During the Supreme Court argument in the Shelby County case, Justice Antonin Scalia disputed the significance of the strong congressional vote in favor of the law in 2006. "I think it is attributable, very likely attributable, to a phenomenon that is called perpetuation of racial entitlement.…I don't think there is anything to be gained by any Senator to vote against continuation of this act." Although Scalia displayed a cynical view of why Congress renewed the Voting Rights Act in 2006, the Supreme Court rejected any cynical look at why states are objecting to the extension of the law. The act stood as a barrier to Southern states passing, for example, a voter ID law, even though the evidence is overwhelming that the need for such a law is nonexistent and the true purpose of these laws was to reduce voting by the poor (minorities), who often do not have the necessary government-issued ID.

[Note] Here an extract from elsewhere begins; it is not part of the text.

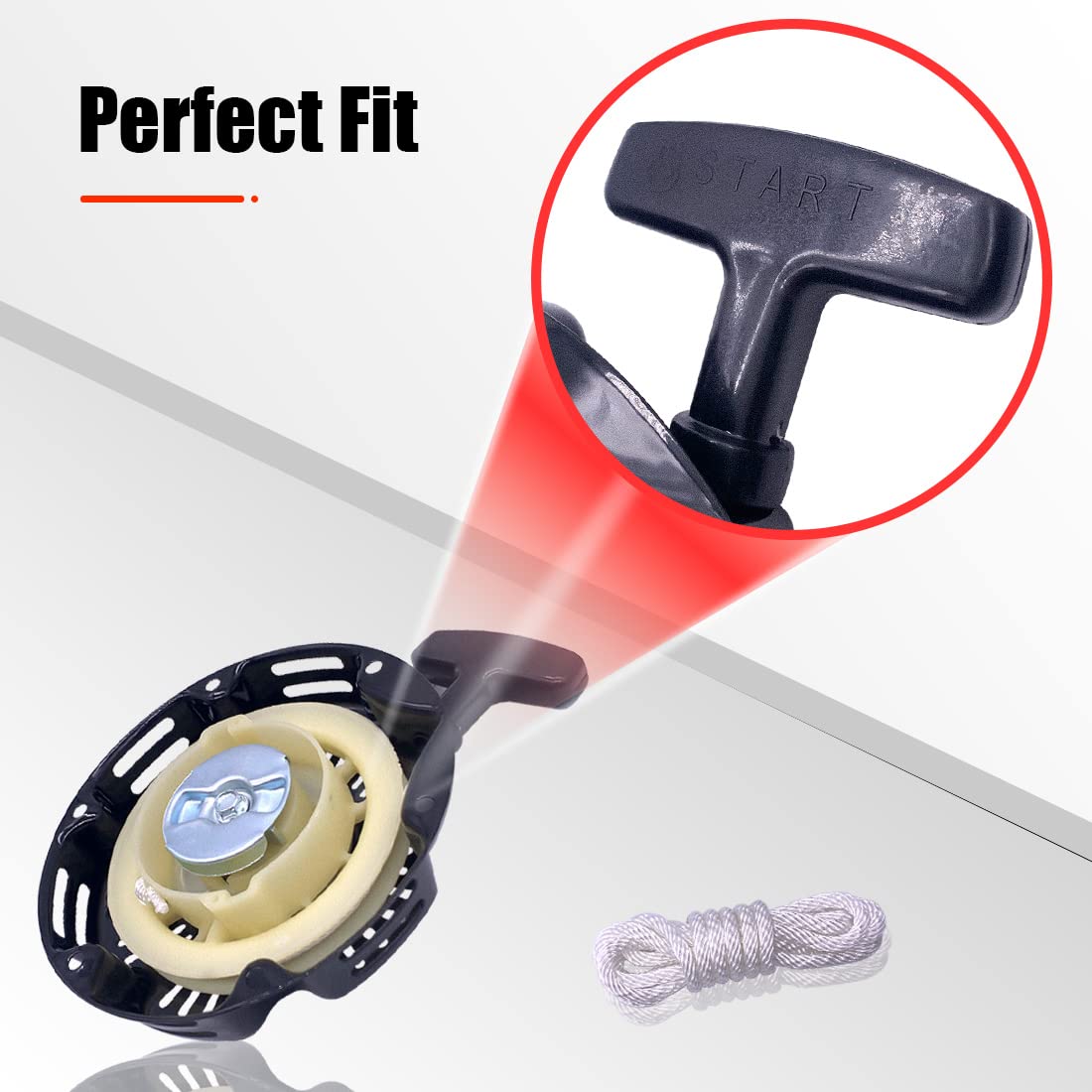 Q: What does the package include when purchasing this recoil starter?A: The package includes one Pull Start Recoil Starter, one spark plug, six bolts, and one cable pulling, providing everything you need for installation.
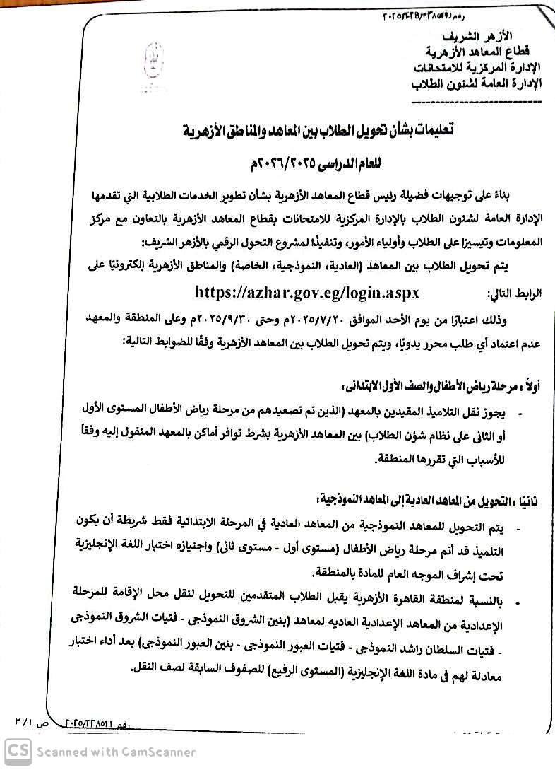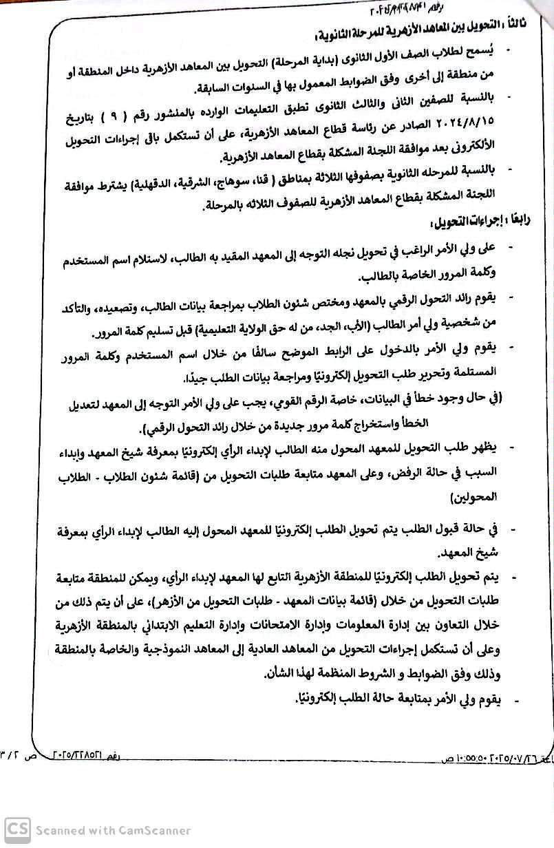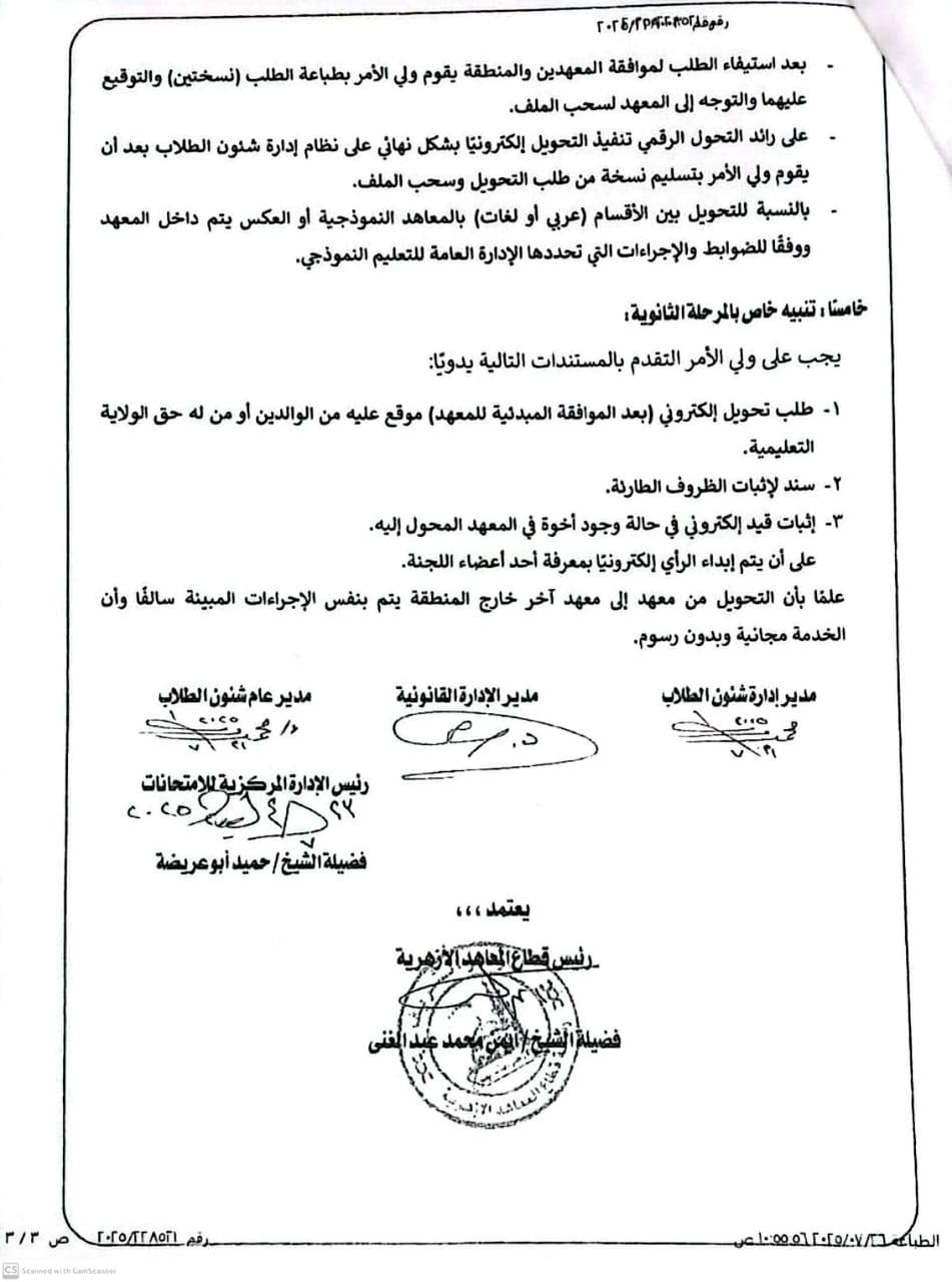 - الصفان الثاني والثالث الثانوي: يستوجب الحصول على موافقة لجنة التحويلات بقطاع المعاهد الأزهرية، لا سيّما في مناطق قنا، سوهاج، الشرقية، والدقهلية.

The idea that the five Republican appointees to the court could strike down the Voting Rights Act (which has the obvious effect of advancing their party's interest) will further undermine the confidence of the people in the fairness of the court, a confidence already at a very low level.

Leon Friedman is a professor of constitutional law at Hofstra University Maurice A. Deane School of Law. He is the editor of and a contributor to The Justices of the United States Supreme Court: Their Lives and Major Opinions (Facts on File 2013).